Is the United States in the midst of a coup?
Britannica defines a coup as “the sudden, violent overthrow of an existing government by a small group,” differing from a revolution in that it happens quickly and doesn’t depend on large numbers of people. Instead, it requires only “a change in power from the top that merely results in the abrupt replacement of leading government personnel.”
One might question whether or not what’s going on is violent. Certainly it’s violent in a way to those who are fearful of President 45—blacks, single women, Muslims and other non-Christians, battered and abused women and children, the hungry, the poor, the sick, the elderly, non-heterosexuals…………..
A presidential election, especially one where there is a change in parties, and where the party of the new administration is the same as the party which controls Congress, the Senate, and the Supreme Court, certain provides a good time for a coup that probably wouldn’t be recognized by a great super majority of anyone in the world except for dictators and kings of other countries, and possibly their citizens.
The United States had a constitutional crisis in 1973-74 with President Richard Nixon, the most recent, perhaps only, attempt in the United States to create a dictatorship or kingship.
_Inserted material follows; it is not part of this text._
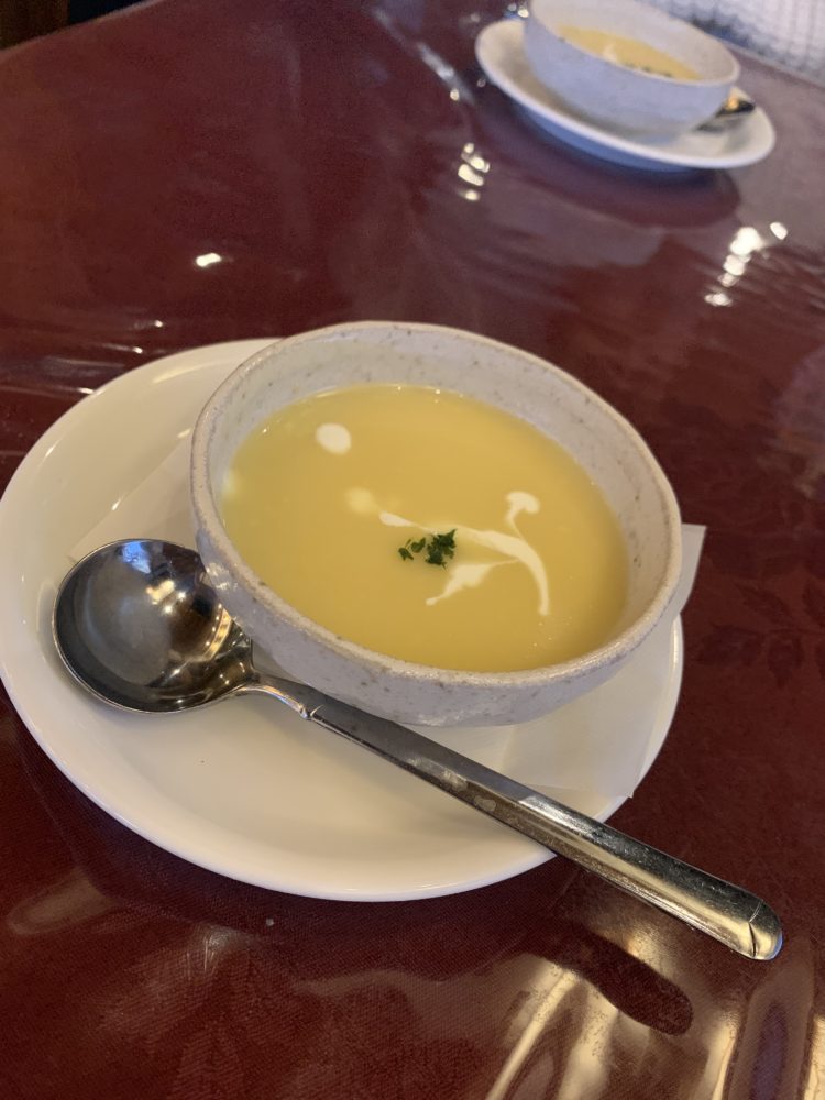 まずは暖かいスープです、既製品を使わず丁寧に作られた味に好感がもてます。

Jonathan Aitken says in “Nixon: A Life” that of he and his brothers—Harold, Donald, Arthur, and Edward—four of them were named after kings who had ruled in historical or legendary England. It’s well known that President 45 likes kings and dictators.
I was a mere child of 19 in 1974. The crisis resolved itself because of the unique type of republican democracy that is the United States. With its three separate but equal branches of government, its reliance on the rule of law, the fact that Democrats had a 56-42-1-1 majority in the Senate and a 241-192-2 majority in Congress, and the fact that the Supreme Court had ruled 8-0 against Nixon in United States v. Nixon, Nixon resigned on August 9, 1974, rather than be impeached.
In a motion to quash the Watergate subpoena earlier in 1974, Nixon’s attorney, James D. St. Clair, stated to Judge John Sirica of the U.S. District Court for the District of Columbia, “The President wants me to argue that he is as powerful a monarch as Louis XIV, only four years at a time, and is not subject to the processes of any court in the land except the court of impeachment.” Wow. Nixon did have an ego.
What do you do, though, when the President 45 has an even bigger ego and his Republican party cohorts are in the majority in the Congress and the Senate, and the Supreme Court is at an impasse with a 4-4 split and with President 45 probably nominating a new justice to the Supreme Court as early as tomorrow?
This is history folks, happening right before our eyes. It might not end well for the United States as we have come to know it.